Geschichte:
Bruchhausen ist aus einem Unterhof des Hofverbandes Huckarde hervorgegangen. Sein Ausbau zur Burg/Adelssitz gehört frühestens in das 15. Jh., obwohl bereits 1241 ein Heinrich von Brochhausen bezeugt und auf diese Besitzung bezogen wird. 1540 war Bruchhausen im Besitz der Margareta von Varssem und gelangte damals zusammen mit der Lohburg an Lambert von Berswordt, den Margaretha geheiratet hatte. 1611 folgte dann an die Familie von Bodelschwingh auf Ickern.
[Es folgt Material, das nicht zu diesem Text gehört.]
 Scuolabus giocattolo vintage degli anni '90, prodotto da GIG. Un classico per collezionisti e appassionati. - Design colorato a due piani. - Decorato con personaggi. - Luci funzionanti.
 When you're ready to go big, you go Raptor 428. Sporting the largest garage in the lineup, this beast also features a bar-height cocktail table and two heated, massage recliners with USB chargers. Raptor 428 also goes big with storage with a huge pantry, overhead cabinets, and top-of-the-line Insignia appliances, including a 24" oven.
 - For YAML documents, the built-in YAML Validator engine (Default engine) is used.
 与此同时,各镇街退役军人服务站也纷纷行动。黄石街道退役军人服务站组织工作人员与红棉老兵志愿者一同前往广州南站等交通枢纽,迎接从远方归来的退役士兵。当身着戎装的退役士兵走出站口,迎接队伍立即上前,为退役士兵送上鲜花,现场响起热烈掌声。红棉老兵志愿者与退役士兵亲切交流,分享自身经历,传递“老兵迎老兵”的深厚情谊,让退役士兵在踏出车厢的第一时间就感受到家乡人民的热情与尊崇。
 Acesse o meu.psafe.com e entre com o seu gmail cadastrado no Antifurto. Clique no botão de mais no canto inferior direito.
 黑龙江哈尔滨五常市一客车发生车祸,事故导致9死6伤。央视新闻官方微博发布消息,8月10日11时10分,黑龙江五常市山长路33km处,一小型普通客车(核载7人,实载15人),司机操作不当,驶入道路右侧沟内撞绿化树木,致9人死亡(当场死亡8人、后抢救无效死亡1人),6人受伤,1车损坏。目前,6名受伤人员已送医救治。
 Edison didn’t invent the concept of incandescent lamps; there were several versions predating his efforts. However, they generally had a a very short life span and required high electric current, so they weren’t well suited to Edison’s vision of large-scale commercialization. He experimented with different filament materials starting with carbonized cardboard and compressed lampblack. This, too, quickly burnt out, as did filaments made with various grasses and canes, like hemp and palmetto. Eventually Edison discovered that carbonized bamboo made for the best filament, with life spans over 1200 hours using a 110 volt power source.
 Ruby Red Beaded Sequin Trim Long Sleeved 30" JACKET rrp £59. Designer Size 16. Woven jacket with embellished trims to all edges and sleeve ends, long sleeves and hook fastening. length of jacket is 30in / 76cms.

Um 1658 folgten die von Quadt-Landskron, 1781 wurde Bruchhausen von der Lohburg getrennt und an den Bauern Bramsel verkauft. 1895 kam Bruchhausen an die Zeche Viktor.
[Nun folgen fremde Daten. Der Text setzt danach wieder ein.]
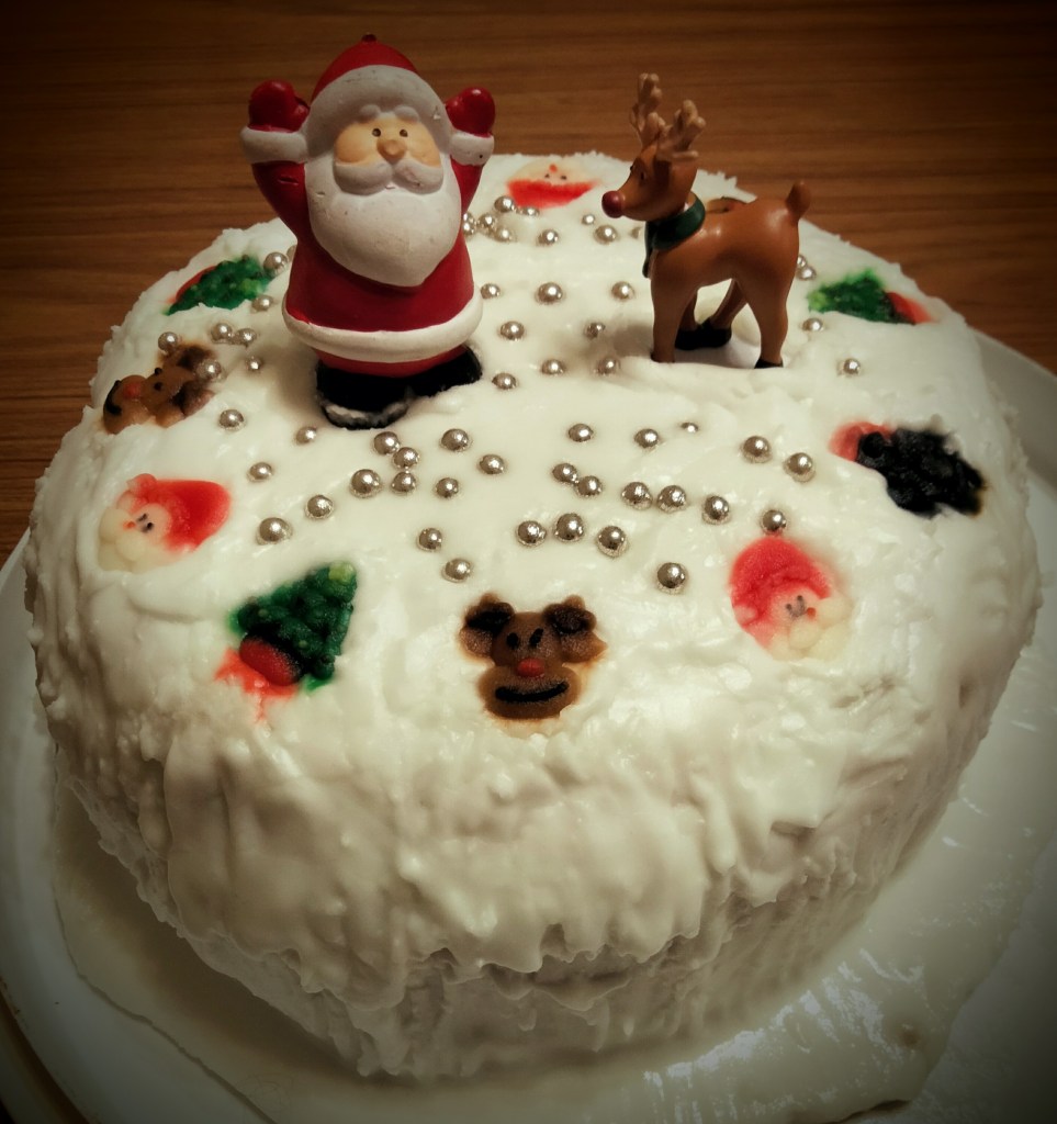 On that note I shall bid you goodnight and leave you with a pic of my cake now covered with the almond paste. The darker blob is where I spilt some apricot jam – it’s what I use to stick the paste to the cake. I’lll leave it a day for the almond paste to dry before putting the icing on. Just as well I made it, huh?!

1611 war Bruchhausen aus dem Hofverband Huckarde gelöst worden, 1782 wird von den adelig freien Pertinenzien des Gutes gesprochen, wozu auch die Jagdgerechtigkeit gehörte. (Katharina Kneppe)
Bauentwicklung:
Bereits 1781 sollen keine Gebäude der vermutlich spätmittelalterlichen Wasserburg mehr vorhanden gewesen sein, doch wird Bruchhausen noch 1774 unter die adeligen Häusern der dritten Klasse gezählt. Da es nach 1611 nur eine geringe Rolle spielte, dürfte sein Ausbau zwischen das 15. Jahrhundert und 1540 gehören.
1845 waren Wassergraben und Teich noch vorhanden. (Katharina Kneppe)
Baubeschreibung:
Bei der vollständig abgegangenen Burg zu Bruchhausen handelt es sich sehr wahrscheinlich um einen spätmittelalterlichen Adelssitz. 1845 waren noch Reste des Wassergrabens erhalten. (Jens Friedhoff)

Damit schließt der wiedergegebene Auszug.